Napoli powiększyło przewagę nad wiceliderem z Mediolanu i to jest zdecydowanie najważniejsza informacja minionej soboty w lidze włoskiej. Druga? Żaden z trzech rozegranych dziś meczów nie zawiódł kibiców. Ba, możemy chyba nawet zaryzykować stwierdzenie, że dzisiaj Serie A była tą z lig, którą oglądało się najprzyjemniej.
Za taki stan rzeczy odpowiada przede wszystkim Eusebio Di Francesco. Trener Sassuolo, które w zaskakujący chyba nawet dla działaczy i piłkarzy tego klubu sposób, wskoczyło do ścisłej czołówki ligi włoskiej. Do tej pory lekceważeni, dziś mogą przystępować bez większych kompleksów nawet do meczów z najsilniejszymi. Jak się miało okazać – także z liderem z Neapolu. Kto spodziewał się zasieków, autobusów i twardego trzymania tyłów – już po kilku minutach musiał cmokać nad zespołem gości. Sassuolo ruszyło, rzuciło się na gospodarzy, tworząc dwie niezłe sytuacje w pierwszych pięciu minutach. W drugiej z nich po faulu Albiola sędzia podyktował rzut karny, który na bramkę zamienił Falcinelli.
Wyobrażacie to sobie? Niecałe pięć minut gry na boisku lidera i Sassuolo (Sassuolo!) prowadzi 1:0. Oczywiście Napoli szybciutko sprowadziło gości na ziemię, posiadanie piłki momentami sięgało niemal 70% na korzyść lidera, ale… Za ten początek i końcowe dwadzieścia minut, gdy Sassuolo dwukrotnie było blisko wyrównania należą się panu Di Francesco spore brawa.
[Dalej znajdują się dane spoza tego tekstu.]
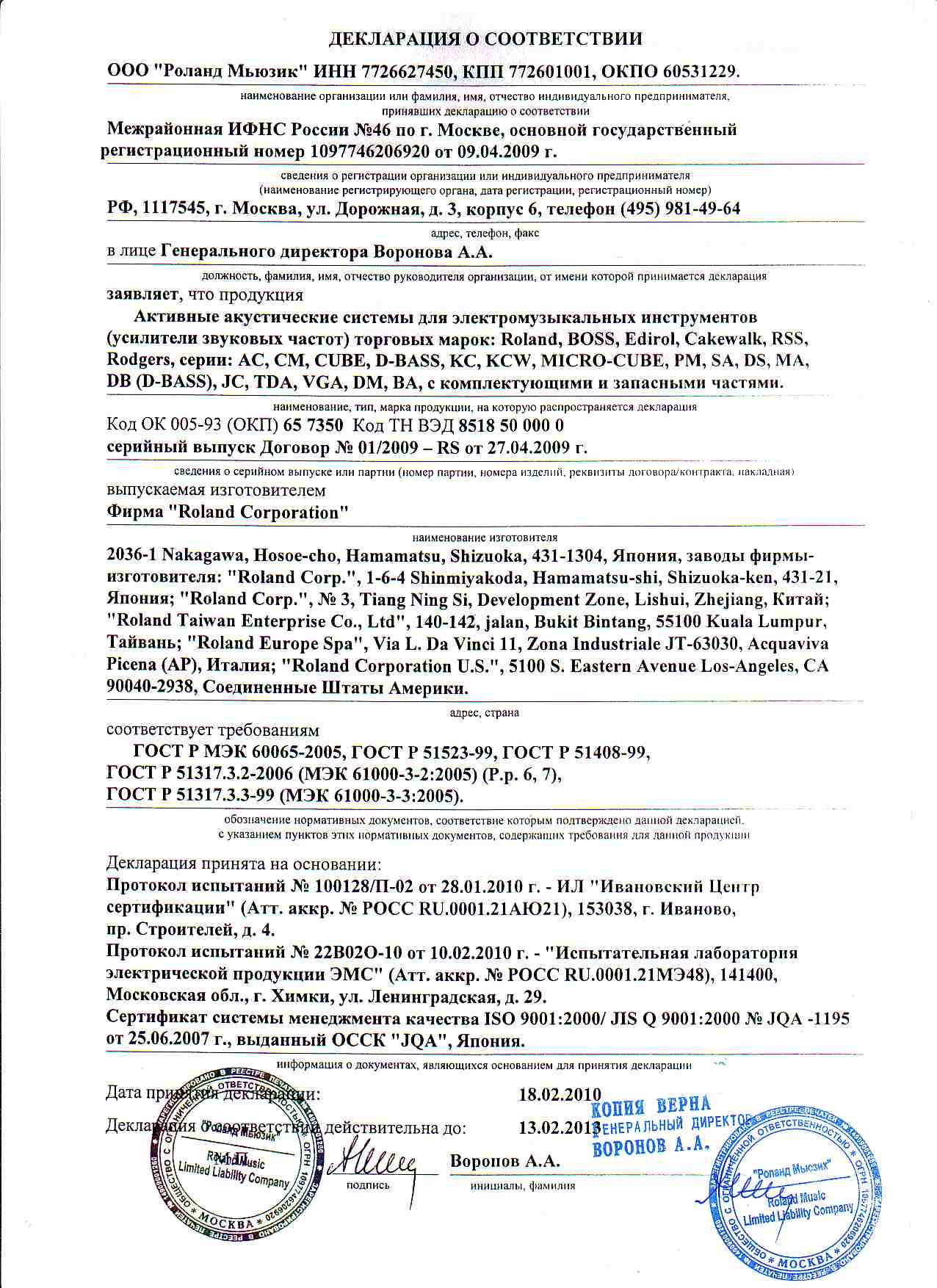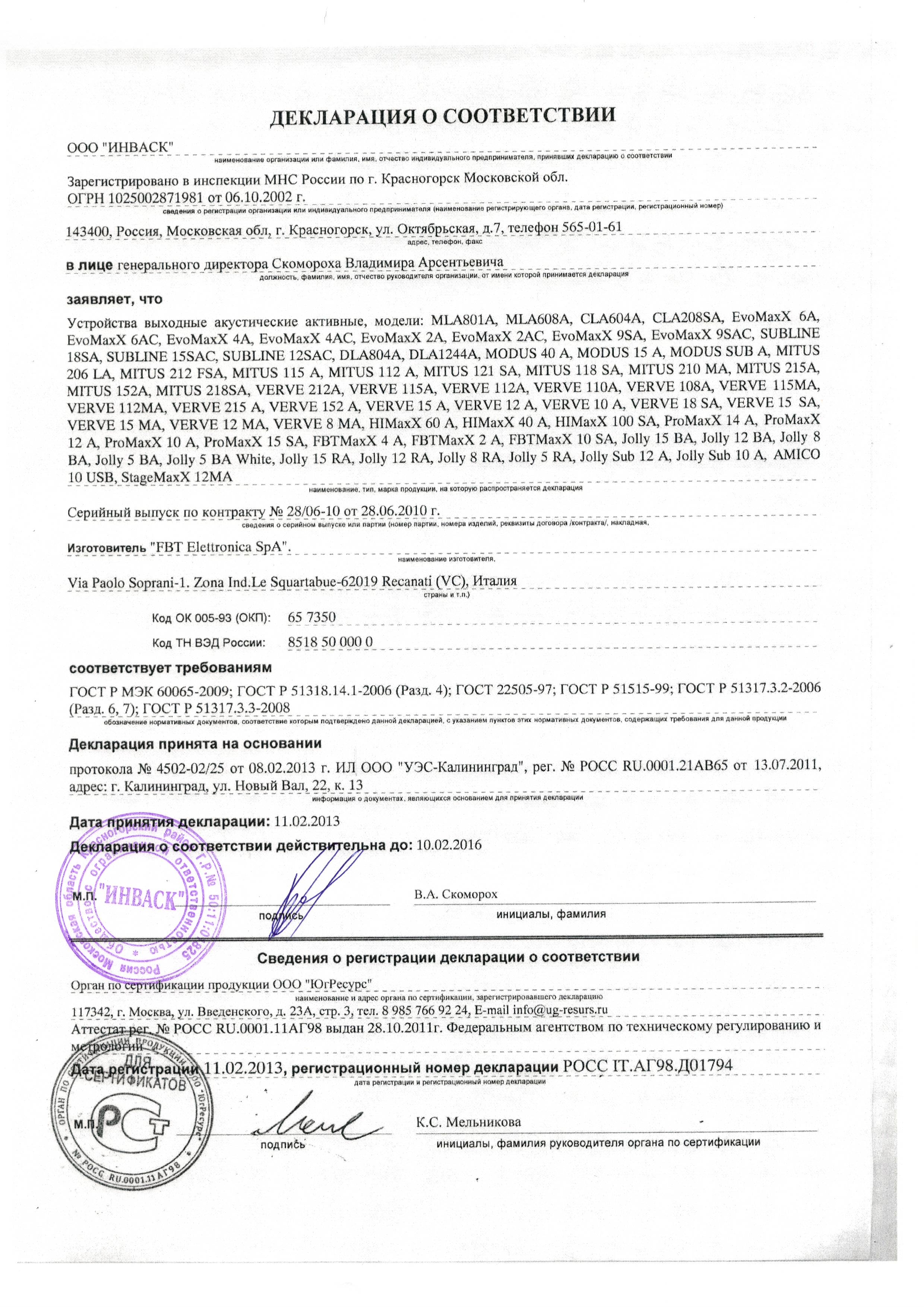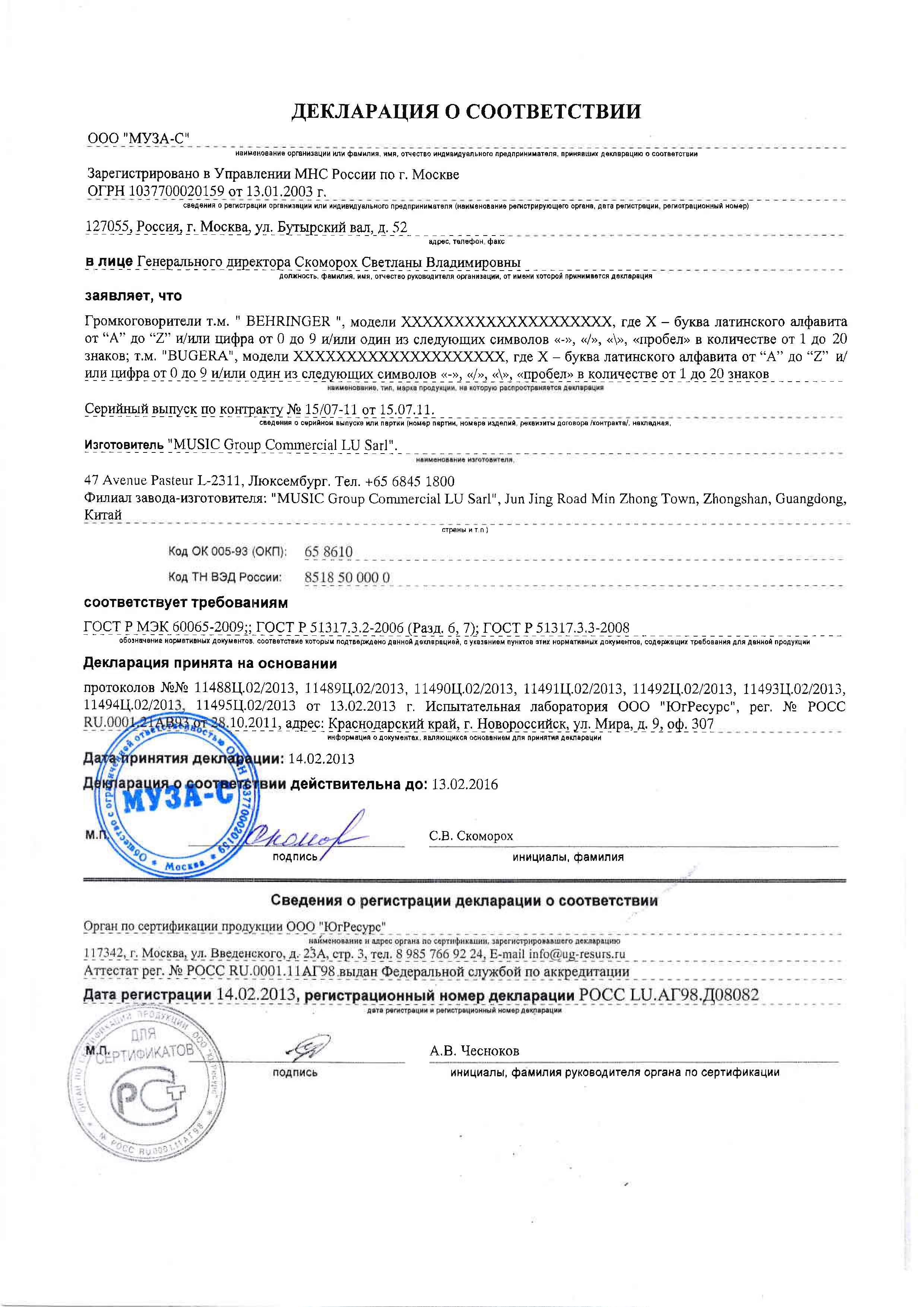 - Активные акустические системы. Декларация о соответствии (до 10.02.2016) (стр.1)

Zresztą, sam fakt, że momentami koledzy z obrony podbiegali do Pepe Reiny gratulując mu intwerencji oraz szał radości po trzecim golu, który na połowie gości świętowała cała drużyna z Neapolu świadczą o tym, że nie był to dla podopiecznych Sarriego mecz łatwy. Aha, kolejne dwa gole wrzucił Higuain, co oznacza, że w tym momencie w 20 meczach Seria A zdobył ich… dwadzieścia.
Jeszcze trudniejszą przeprawę mieli za to piłkarze wicelidera z Mediolanu. Inter pojechał do Bergamo jako faworyt, ale chyba po 90 minutach gry czarno-niebieskich z czarno-niebieskimi nie pogardzi nawet tym jednym punktem. Nie wiemy, czy jakieś szersze komentarze mają sens, sprawdźcie tylko ten jeden vine.
A to dopiero jedna z trzech wielkich interwencji, którymi błysnął dziś genialny bramkarz. Co poza jego efektownymi przelotami? Trochę jak w polskich kinach – “Las samobójców”. Dwa swojaki pod każdą z bramek, szczególnie ten drugi robi wrażenie. Bomba pod poprzeczkę, pewny strzał. Ogółem jednak – oranie Interu, który w pewnym momencie chyba odliczał sekundy do końca tego kiepskiego dla nich meczu.
No i wreszcie Torino. Tutaj zamiast emocji i nadspodziewanie dobrej dyspozycji teoretycznie słabszego zespołu mieliśmy klasyczny trening strzelecki. Sześć goli, jakieś chore liczby okazji pod obiema bramkami i szkoda chyba jedynie, że Glik niczego nie ustrzelił, skoro Torino już wyrobiło więcej bramek niż w ostatnich pięciu ligowych meczach. Co cieszy? Wreszcie zwycięstwo zespołu naszego kapitana, który od kilku meczów nie mógł znaleźć formy, przegrywając wysoko derby, w lidze zaś notując serię czterech spotkań bez kompletu punktów. Przewaga nad strefą spadkową znów wynosi w tym momencie dziesięć punktów i to da Glikowi i kumplom nieco spokojniejszy sen.